_REQUIRED WORK:_ Using the listing below, print the line containing "Here is the", the line containing "a.Ta có: $\Delta", and each line between them, exactly and nothing else. Pictures stay out of the print.

_LISTED ENTRIES:_
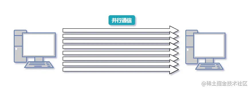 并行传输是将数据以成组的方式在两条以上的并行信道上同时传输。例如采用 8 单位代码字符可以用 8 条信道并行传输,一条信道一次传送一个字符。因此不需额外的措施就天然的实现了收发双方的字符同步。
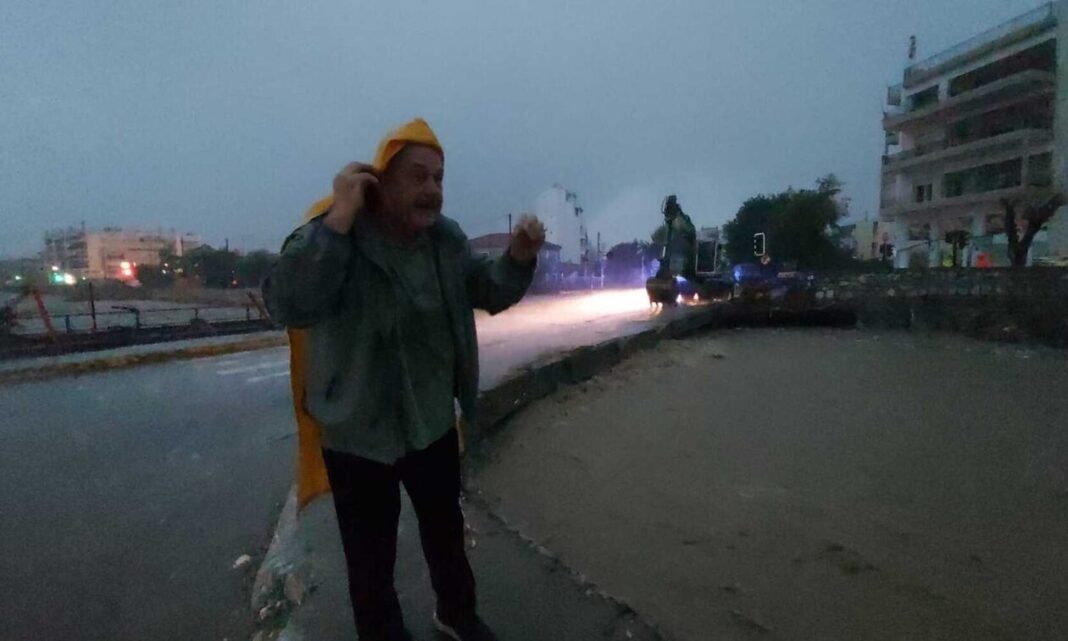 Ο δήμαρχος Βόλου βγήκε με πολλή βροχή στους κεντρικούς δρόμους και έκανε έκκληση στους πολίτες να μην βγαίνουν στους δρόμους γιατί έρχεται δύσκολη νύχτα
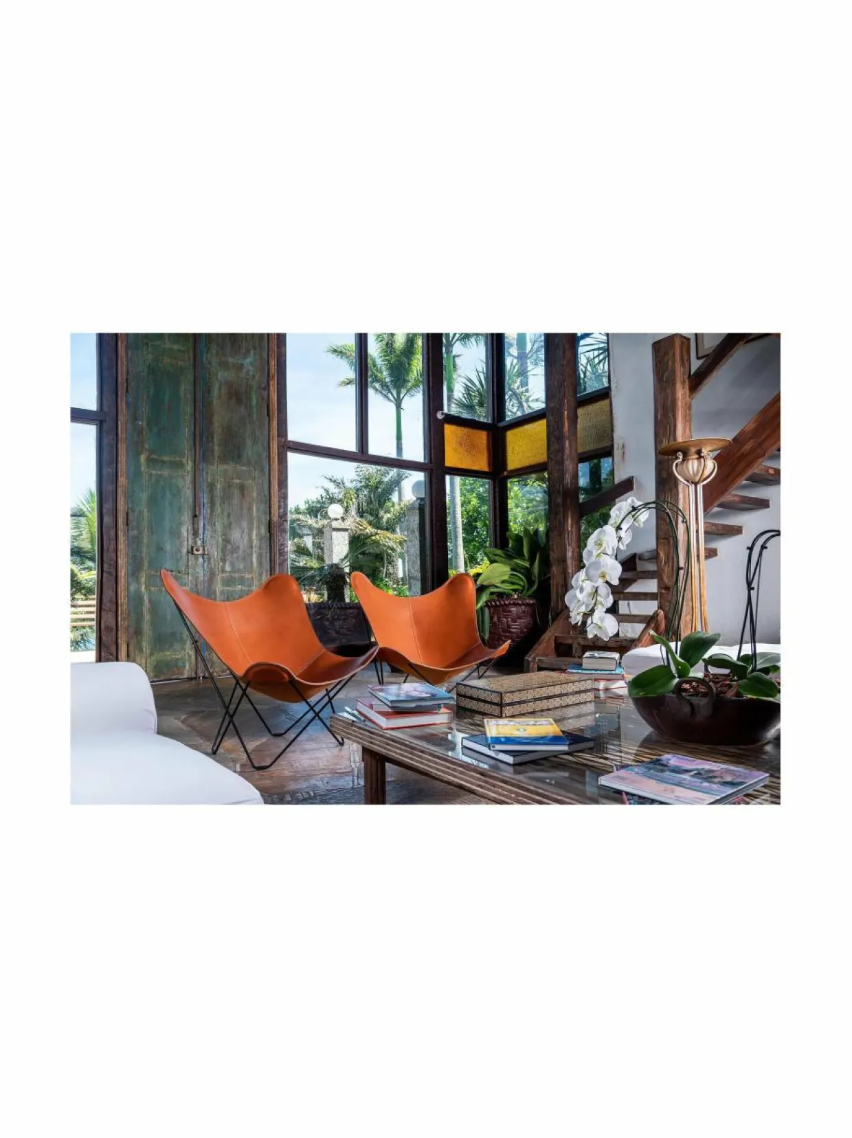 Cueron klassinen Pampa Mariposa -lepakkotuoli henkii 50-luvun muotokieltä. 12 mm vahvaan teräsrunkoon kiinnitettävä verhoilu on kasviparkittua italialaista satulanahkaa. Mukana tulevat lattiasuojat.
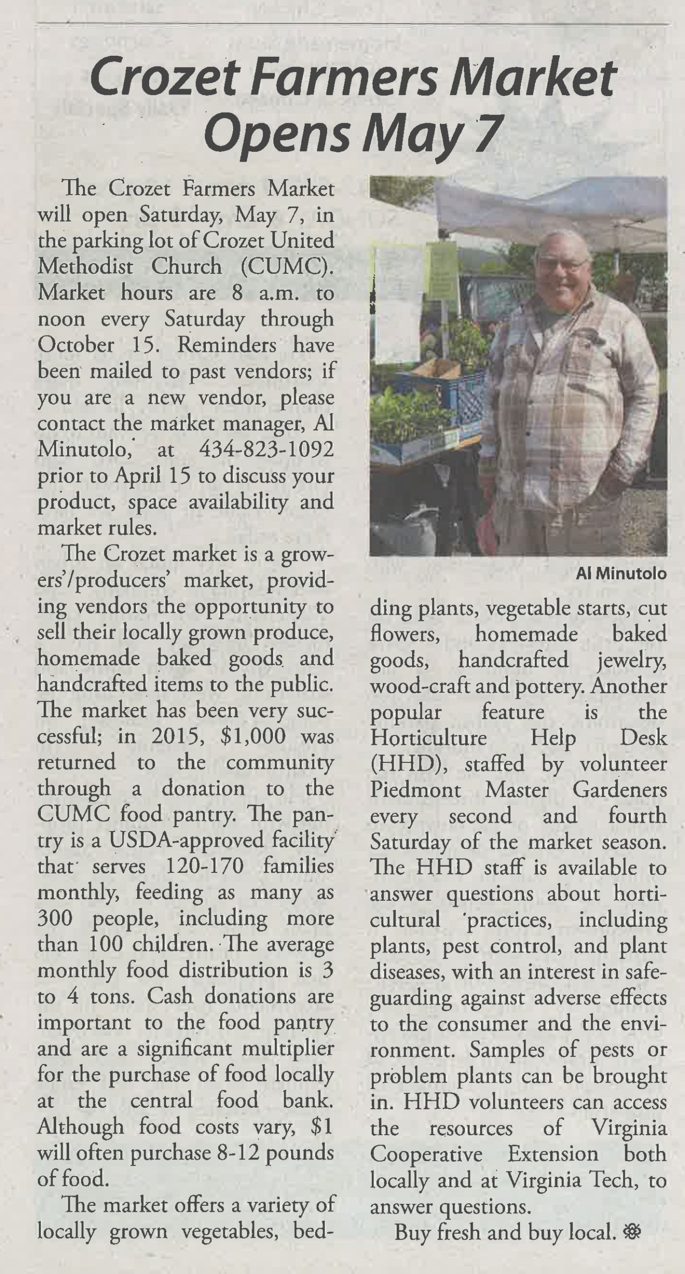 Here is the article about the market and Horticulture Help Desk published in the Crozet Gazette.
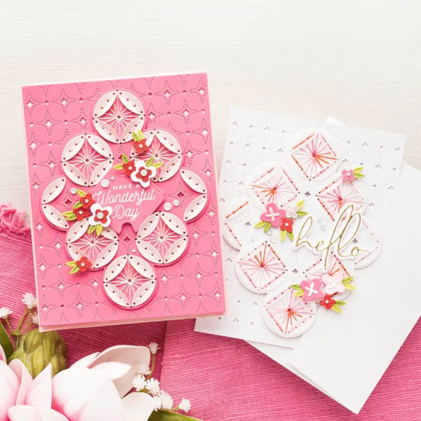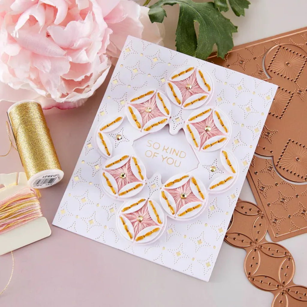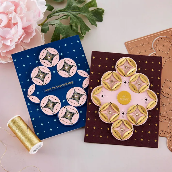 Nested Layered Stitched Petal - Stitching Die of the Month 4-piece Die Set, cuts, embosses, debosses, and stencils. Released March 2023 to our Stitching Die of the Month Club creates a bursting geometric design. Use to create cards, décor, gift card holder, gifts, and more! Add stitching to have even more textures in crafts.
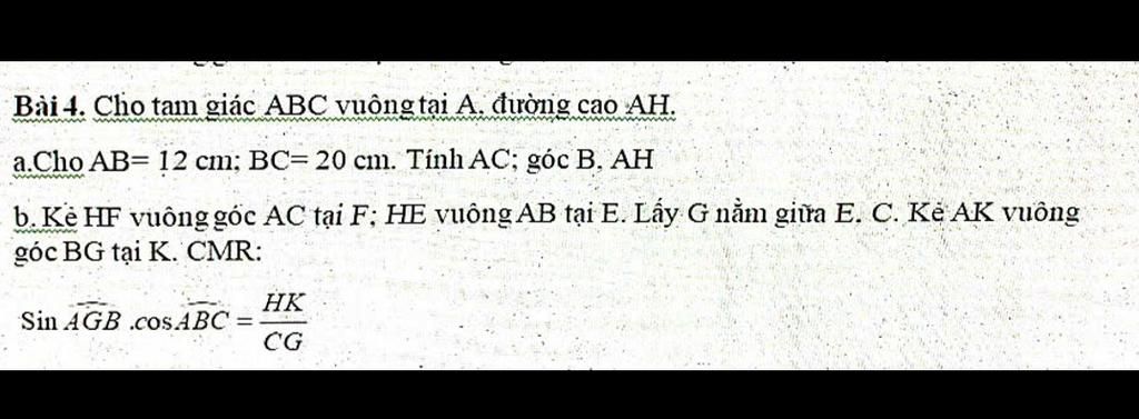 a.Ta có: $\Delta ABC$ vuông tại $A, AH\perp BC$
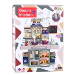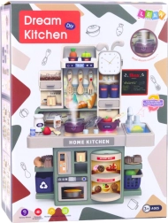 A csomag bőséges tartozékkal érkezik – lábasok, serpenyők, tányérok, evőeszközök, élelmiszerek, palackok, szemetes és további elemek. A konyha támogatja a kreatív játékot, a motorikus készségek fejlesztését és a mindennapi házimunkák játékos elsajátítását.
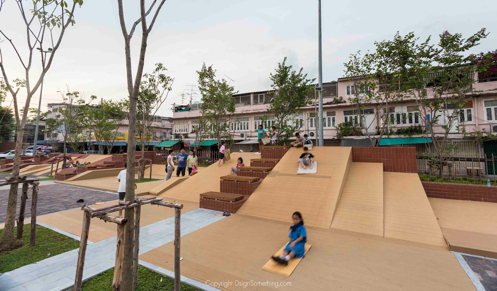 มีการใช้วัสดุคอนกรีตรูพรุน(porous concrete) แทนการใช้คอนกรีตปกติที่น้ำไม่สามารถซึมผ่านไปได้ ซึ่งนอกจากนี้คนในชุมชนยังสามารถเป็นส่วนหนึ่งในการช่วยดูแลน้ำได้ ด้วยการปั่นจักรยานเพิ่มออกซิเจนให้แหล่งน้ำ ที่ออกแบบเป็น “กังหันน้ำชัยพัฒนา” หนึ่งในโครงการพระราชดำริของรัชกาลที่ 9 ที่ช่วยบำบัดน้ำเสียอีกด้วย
* * *
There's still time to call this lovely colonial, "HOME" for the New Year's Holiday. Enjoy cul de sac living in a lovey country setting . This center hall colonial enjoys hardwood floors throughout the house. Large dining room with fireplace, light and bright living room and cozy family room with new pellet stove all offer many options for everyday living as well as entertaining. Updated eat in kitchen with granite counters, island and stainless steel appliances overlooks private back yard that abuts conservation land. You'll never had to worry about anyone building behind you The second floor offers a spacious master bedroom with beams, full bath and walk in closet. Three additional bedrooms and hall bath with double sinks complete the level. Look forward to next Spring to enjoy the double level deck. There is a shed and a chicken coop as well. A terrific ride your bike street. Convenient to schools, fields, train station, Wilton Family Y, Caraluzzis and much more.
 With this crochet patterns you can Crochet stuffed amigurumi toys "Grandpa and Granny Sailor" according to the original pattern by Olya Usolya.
...
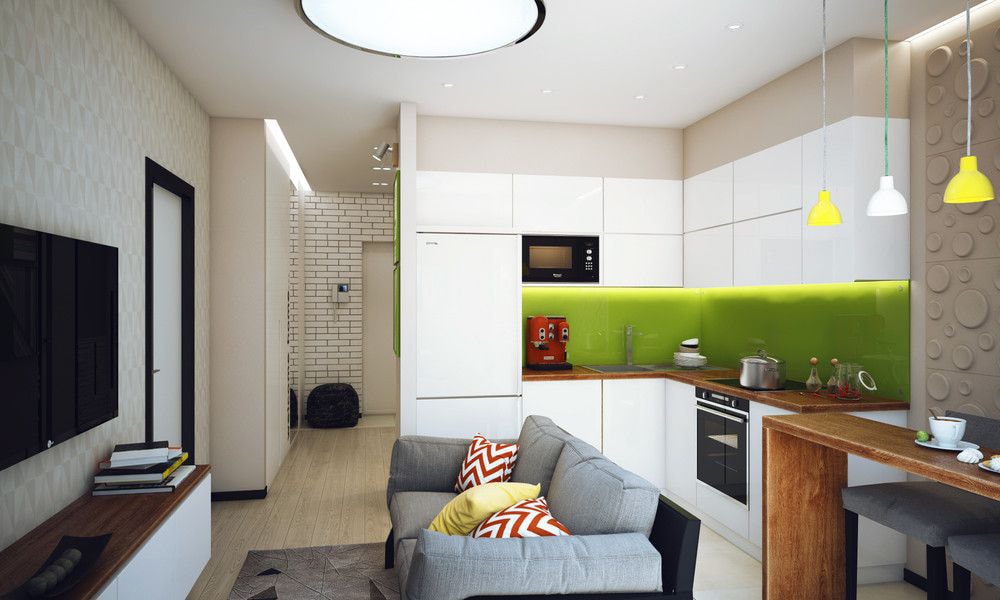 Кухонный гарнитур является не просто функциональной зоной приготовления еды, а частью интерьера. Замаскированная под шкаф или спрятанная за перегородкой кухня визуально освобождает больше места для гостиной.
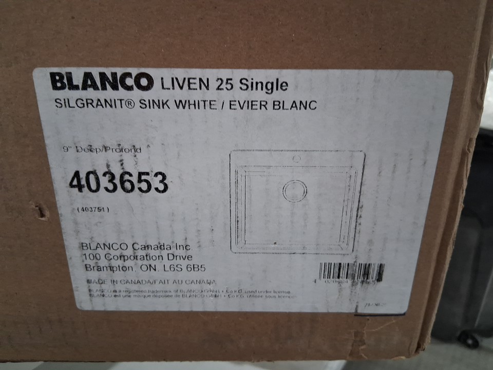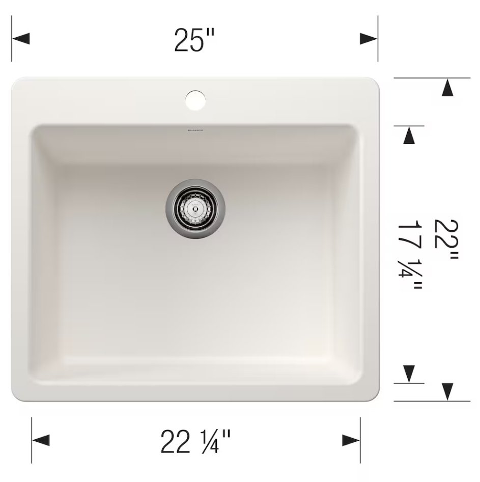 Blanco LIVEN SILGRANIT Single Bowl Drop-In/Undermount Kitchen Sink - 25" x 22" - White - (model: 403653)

_WRITTEN REPLY:_
 Here is the article about the market and Horticulture Help Desk published in the Crozet Gazette.
 Nested Layered Stitched Petal - Stitching Die of the Month 4-piece Die Set, cuts, embosses, debosses, and stencils. Released March 2023 to our Stitching Die of the Month Club creates a bursting geometric design. Use to create cards, décor, gift card holder, gifts, and more! Add stitching to have even more textures in crafts.
 a.Ta có: $\Delta ABC$ vuông tại $A, AH\perp BC$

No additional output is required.